Records for this exercise
───
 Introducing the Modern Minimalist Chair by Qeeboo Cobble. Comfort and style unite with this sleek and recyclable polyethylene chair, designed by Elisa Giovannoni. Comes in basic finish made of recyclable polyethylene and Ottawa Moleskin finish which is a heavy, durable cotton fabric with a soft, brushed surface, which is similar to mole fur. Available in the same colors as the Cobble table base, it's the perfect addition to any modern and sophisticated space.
───
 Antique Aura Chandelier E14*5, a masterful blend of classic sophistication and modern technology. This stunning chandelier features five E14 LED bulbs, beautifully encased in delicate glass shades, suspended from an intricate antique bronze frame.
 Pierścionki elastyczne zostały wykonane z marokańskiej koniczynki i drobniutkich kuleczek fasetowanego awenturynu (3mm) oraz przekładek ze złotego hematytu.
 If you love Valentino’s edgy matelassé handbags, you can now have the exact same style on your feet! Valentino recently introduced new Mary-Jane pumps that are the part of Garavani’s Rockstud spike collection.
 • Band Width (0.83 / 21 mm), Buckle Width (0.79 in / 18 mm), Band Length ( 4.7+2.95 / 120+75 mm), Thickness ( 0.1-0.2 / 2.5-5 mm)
───
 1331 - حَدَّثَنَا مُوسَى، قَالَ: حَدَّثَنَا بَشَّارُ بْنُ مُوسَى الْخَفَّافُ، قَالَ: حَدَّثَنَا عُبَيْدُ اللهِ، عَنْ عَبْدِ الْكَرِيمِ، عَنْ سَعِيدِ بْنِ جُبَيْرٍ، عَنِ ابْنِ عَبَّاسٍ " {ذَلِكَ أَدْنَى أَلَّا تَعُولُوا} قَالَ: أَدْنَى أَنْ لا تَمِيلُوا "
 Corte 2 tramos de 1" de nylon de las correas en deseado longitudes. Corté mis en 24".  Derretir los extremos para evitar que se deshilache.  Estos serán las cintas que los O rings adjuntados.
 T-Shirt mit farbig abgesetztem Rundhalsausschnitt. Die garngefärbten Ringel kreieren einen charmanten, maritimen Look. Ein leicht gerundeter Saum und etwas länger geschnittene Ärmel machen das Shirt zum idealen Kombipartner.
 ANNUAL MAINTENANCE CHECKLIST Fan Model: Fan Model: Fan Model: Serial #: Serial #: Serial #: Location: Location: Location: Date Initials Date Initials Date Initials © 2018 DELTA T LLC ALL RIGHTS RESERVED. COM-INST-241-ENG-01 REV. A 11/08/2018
───
Problem to solve
Among the entries above, copy exactly only the lines starting with the one containing "If you love" and going through the one containing "0.1-0.2 / 2.5-5 mm)", both ends included.

Solved exercise
 If you love Valentino’s edgy matelassé handbags, you can now have the exact same style on your feet! Valentino recently introduced new Mary-Jane pumps that are the part of Garavani’s Rockstud spike collection.
 • Band Width (0.83 / 21 mm), Buckle Width (0.79 in / 18 mm), Band Length ( 4.7+2.95 / 120+75 mm), Thickness ( 0.1-0.2 / 2.5-5 mm)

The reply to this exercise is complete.